Copy out exactly, from the entries that follow, the line holding "hot glued about", the line holding "وتقدم بالشكر إلى", and all lines between them, but no pictures.
::: MATERIAL SHOWN
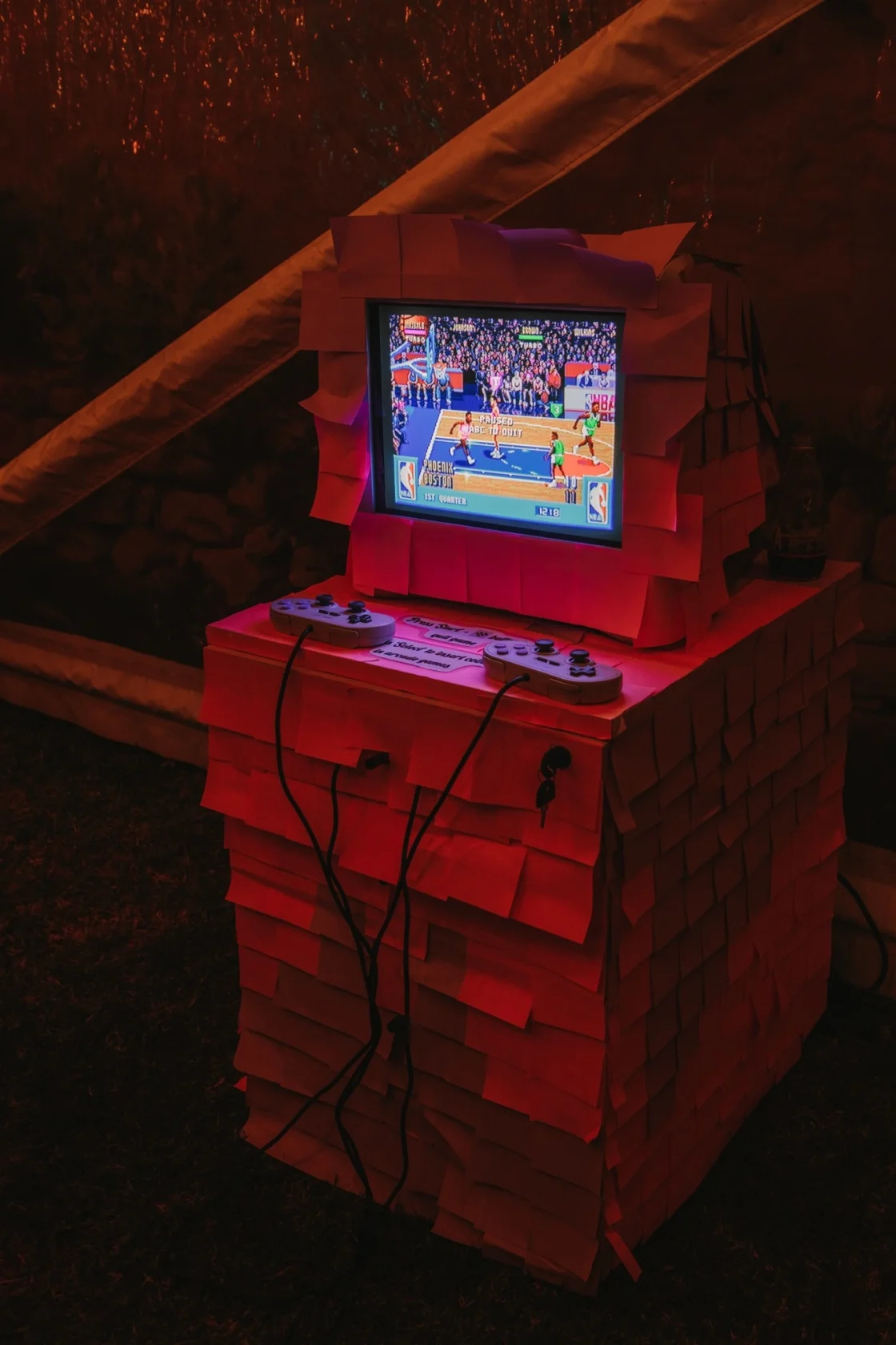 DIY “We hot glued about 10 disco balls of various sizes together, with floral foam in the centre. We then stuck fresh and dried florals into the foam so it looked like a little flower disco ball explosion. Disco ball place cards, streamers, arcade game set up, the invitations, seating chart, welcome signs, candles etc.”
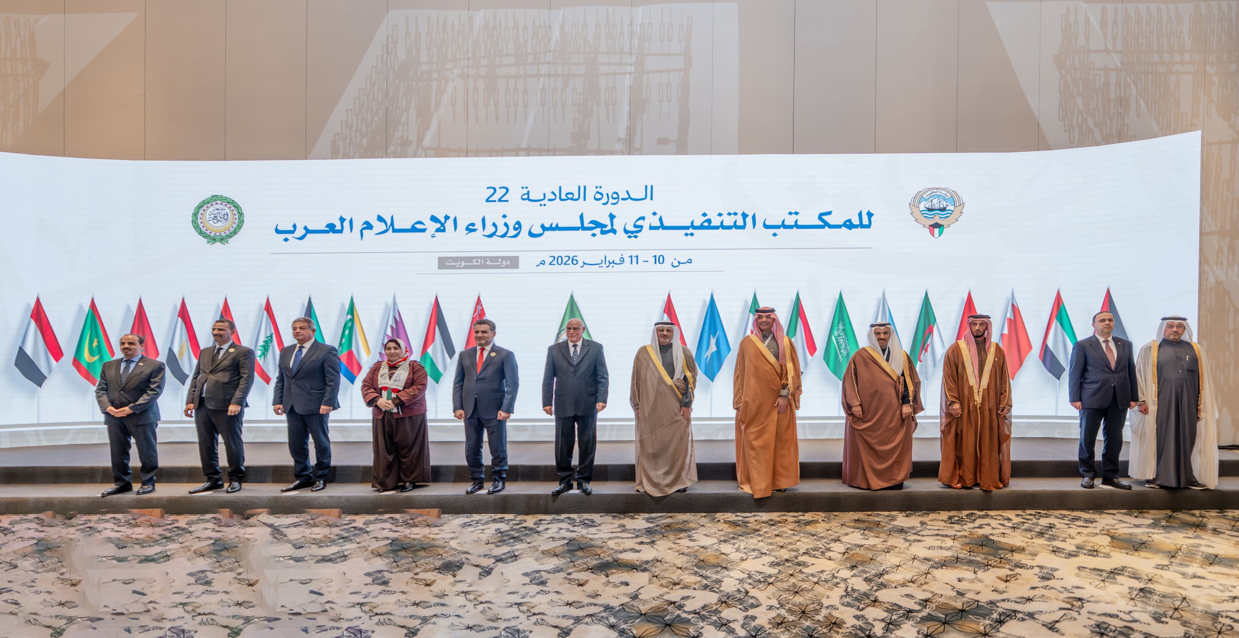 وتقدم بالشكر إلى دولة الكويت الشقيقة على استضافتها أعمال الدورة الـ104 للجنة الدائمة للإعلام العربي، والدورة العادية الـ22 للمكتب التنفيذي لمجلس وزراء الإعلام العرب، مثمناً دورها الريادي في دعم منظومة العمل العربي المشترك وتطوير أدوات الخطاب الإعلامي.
::::::
::: MATERIAL SHOWN
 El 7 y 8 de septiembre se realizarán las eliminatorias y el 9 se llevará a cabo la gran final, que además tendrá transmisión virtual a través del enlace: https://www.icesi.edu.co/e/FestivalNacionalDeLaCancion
::::::
::: MATERIAL SHOWN
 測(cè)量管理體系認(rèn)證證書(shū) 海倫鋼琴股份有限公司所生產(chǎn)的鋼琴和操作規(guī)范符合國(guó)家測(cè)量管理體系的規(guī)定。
::::::
RESPONSE AREA -
 DIY “We hot glued about 10 disco balls of various sizes together, with floral foam in the centre. We then stuck fresh and dried florals into the foam so it looked like a little flower disco ball explosion. Disco ball place cards, streamers, arcade game set up, the invitations, seating chart, welcome signs, candles etc.”
 وتقدم بالشكر إلى دولة الكويت الشقيقة على استضافتها أعمال الدورة الـ104 للجنة الدائمة للإعلام العربي، والدورة العادية الـ22 للمكتب التنفيذي لمجلس وزراء الإعلام العرب، مثمناً دورها الريادي في دعم منظومة العمل العربي المشترك وتطوير أدوات الخطاب الإعلامي.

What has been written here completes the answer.